MATERIAL FOR THIS TASK –
^^^^

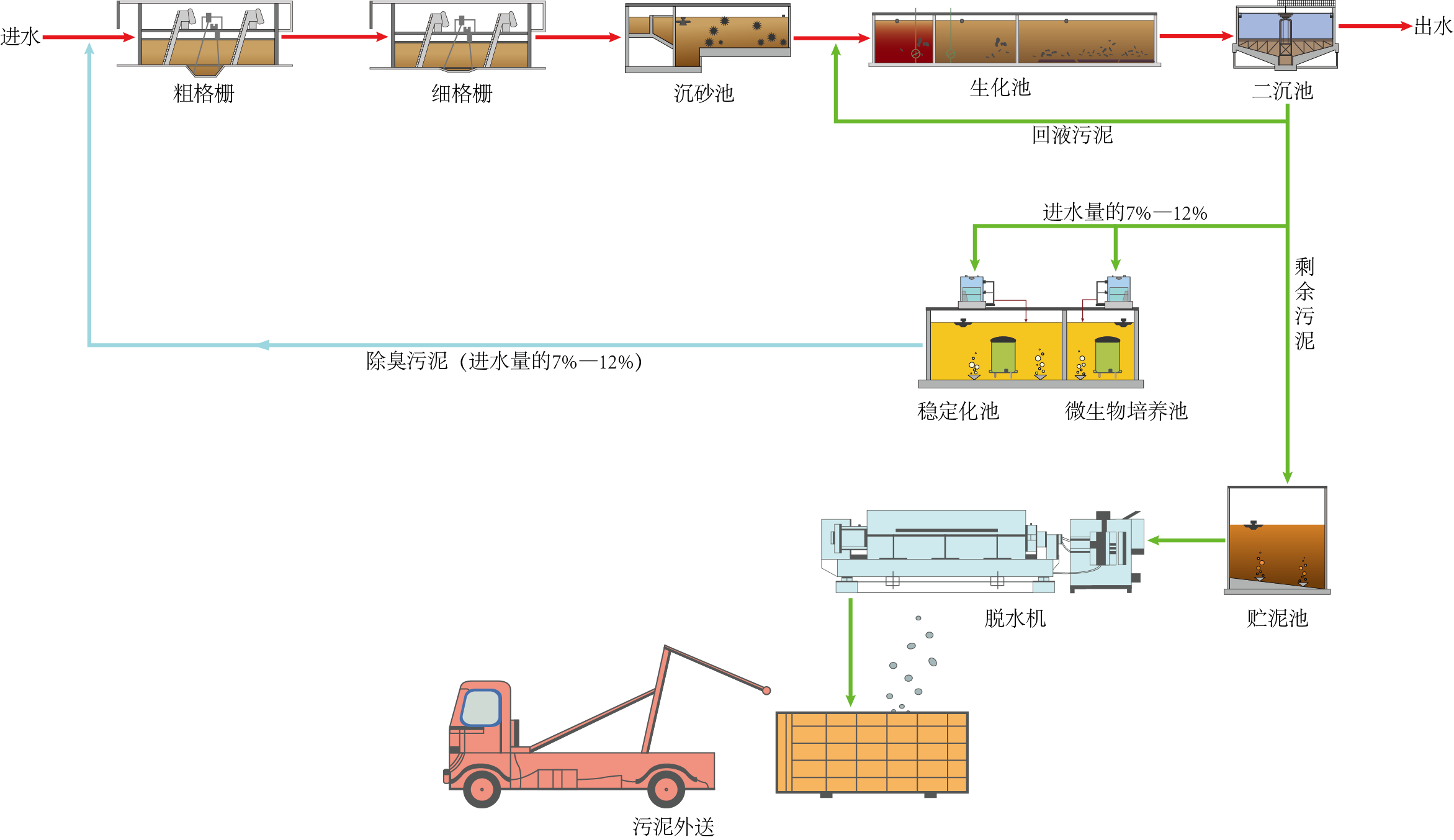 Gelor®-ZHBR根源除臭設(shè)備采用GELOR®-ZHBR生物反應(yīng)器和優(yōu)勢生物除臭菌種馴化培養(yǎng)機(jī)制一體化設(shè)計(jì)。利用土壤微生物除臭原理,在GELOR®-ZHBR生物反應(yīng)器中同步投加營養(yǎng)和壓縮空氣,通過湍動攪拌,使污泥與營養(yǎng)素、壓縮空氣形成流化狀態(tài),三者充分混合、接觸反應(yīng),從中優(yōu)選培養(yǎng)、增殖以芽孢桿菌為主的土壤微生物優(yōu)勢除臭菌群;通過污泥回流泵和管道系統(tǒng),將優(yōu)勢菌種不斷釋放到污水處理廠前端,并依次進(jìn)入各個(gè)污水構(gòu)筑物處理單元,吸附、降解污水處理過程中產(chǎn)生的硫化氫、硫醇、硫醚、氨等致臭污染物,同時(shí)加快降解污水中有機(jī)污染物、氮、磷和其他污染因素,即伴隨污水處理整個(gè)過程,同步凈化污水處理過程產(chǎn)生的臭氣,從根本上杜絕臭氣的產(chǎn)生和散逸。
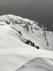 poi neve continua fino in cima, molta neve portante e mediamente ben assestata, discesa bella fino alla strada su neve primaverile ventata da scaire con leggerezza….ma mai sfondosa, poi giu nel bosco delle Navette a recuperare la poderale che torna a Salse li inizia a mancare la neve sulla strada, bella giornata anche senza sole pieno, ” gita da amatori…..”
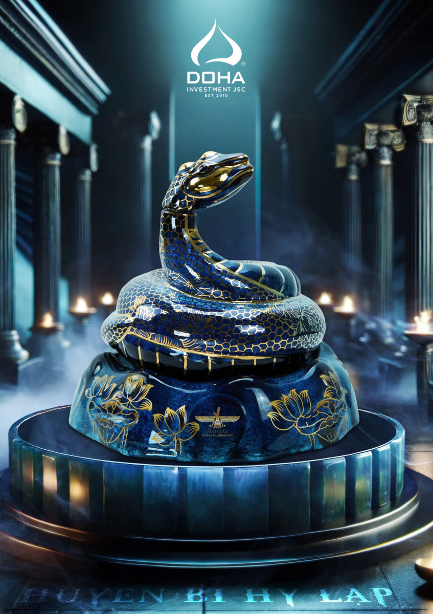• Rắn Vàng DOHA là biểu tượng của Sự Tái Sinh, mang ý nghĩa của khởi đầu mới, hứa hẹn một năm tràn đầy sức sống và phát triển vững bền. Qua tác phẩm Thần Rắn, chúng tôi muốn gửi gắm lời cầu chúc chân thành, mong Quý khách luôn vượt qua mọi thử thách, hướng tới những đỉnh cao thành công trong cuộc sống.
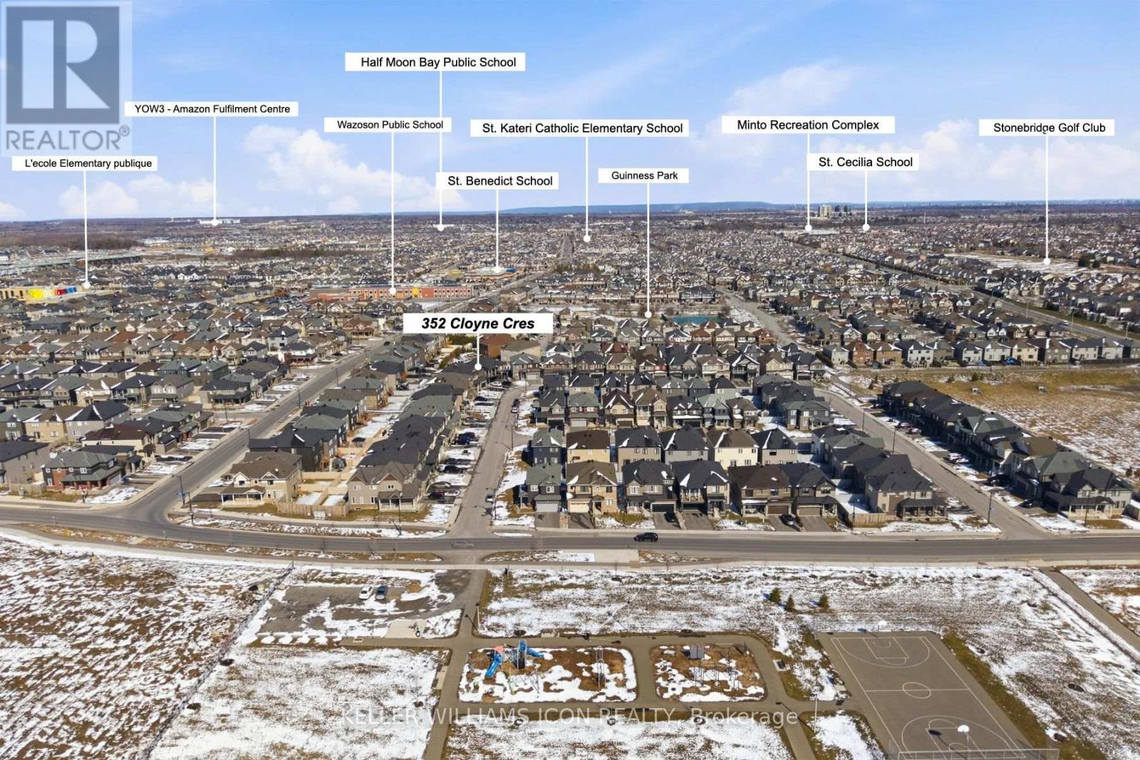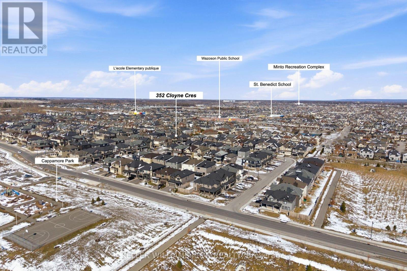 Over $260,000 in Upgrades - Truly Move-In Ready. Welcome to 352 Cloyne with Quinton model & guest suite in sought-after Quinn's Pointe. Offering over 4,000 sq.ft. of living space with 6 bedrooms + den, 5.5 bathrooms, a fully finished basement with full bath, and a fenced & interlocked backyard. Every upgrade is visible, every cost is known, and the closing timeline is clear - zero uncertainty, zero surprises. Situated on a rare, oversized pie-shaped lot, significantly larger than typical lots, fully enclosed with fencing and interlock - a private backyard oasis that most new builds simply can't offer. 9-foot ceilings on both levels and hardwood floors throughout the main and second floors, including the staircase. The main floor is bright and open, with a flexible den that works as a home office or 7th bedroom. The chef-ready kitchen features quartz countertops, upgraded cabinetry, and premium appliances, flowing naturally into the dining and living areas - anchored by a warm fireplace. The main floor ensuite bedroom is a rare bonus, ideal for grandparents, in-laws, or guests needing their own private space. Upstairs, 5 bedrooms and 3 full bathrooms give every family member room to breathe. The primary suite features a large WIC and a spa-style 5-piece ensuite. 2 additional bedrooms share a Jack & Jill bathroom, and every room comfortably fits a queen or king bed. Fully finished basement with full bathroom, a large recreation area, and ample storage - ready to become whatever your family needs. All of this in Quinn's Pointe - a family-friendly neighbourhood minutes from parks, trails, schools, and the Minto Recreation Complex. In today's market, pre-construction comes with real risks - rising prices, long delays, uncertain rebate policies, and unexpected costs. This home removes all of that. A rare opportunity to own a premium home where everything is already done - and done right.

^^^^

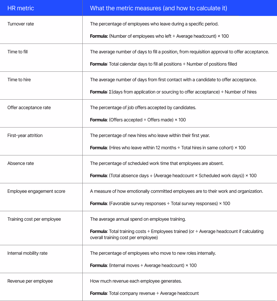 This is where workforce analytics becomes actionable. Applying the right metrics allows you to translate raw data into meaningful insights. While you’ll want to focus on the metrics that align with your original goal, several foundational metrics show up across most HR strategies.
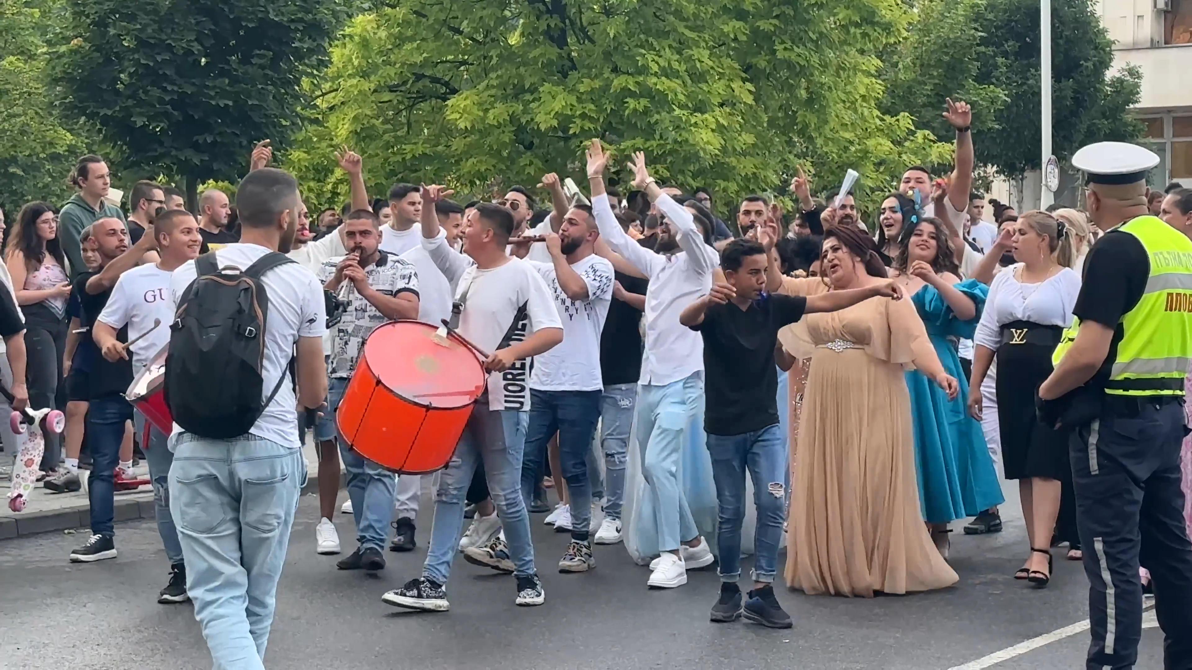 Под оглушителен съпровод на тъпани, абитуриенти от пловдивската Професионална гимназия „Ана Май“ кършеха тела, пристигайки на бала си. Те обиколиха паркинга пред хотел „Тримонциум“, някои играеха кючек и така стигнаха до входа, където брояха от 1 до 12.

^^^^

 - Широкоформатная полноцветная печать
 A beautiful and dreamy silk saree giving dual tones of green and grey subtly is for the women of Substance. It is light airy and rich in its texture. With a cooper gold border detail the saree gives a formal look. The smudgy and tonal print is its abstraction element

^^^^

Set down again, exactly, every line above from the one with "Gelor®-ZHBR根源除" down to the one with "trong cuộc sống.", both ends included. No pictures, and nothing else.

WRITTEN REPLY –
 Gelor®-ZHBR根源除臭設(shè)備采用GELOR®-ZHBR生物反應(yīng)器和優(yōu)勢生物除臭菌種馴化培養(yǎng)機(jī)制一體化設(shè)計(jì)。利用土壤微生物除臭原理,在GELOR®-ZHBR生物反應(yīng)器中同步投加營養(yǎng)和壓縮空氣,通過湍動攪拌,使污泥與營養(yǎng)素、壓縮空氣形成流化狀態(tài),三者充分混合、接觸反應(yīng),從中優(yōu)選培養(yǎng)、增殖以芽孢桿菌為主的土壤微生物優(yōu)勢除臭菌群;通過污泥回流泵和管道系統(tǒng),將優(yōu)勢菌種不斷釋放到污水處理廠前端,并依次進(jìn)入各個(gè)污水構(gòu)筑物處理單元,吸附、降解污水處理過程中產(chǎn)生的硫化氫、硫醇、硫醚、氨等致臭污染物,同時(shí)加快降解污水中有機(jī)污染物、氮、磷和其他污染因素,即伴隨污水處理整個(gè)過程,同步凈化污水處理過程產(chǎn)生的臭氣,從根本上杜絕臭氣的產(chǎn)生和散逸。
 poi neve continua fino in cima, molta neve portante e mediamente ben assestata, discesa bella fino alla strada su neve primaverile ventata da scaire con leggerezza….ma mai sfondosa, poi giu nel bosco delle Navette a recuperare la poderale che torna a Salse li inizia a mancare la neve sulla strada, bella giornata anche senza sole pieno, ” gita da amatori…..”
• Rắn Vàng DOHA là biểu tượng của Sự Tái Sinh, mang ý nghĩa của khởi đầu mới, hứa hẹn một năm tràn đầy sức sống và phát triển vững bền. Qua tác phẩm Thần Rắn, chúng tôi muốn gửi gắm lời cầu chúc chân thành, mong Quý khách luôn vượt qua mọi thử thách, hướng tới những đỉnh cao thành công trong cuộc sống.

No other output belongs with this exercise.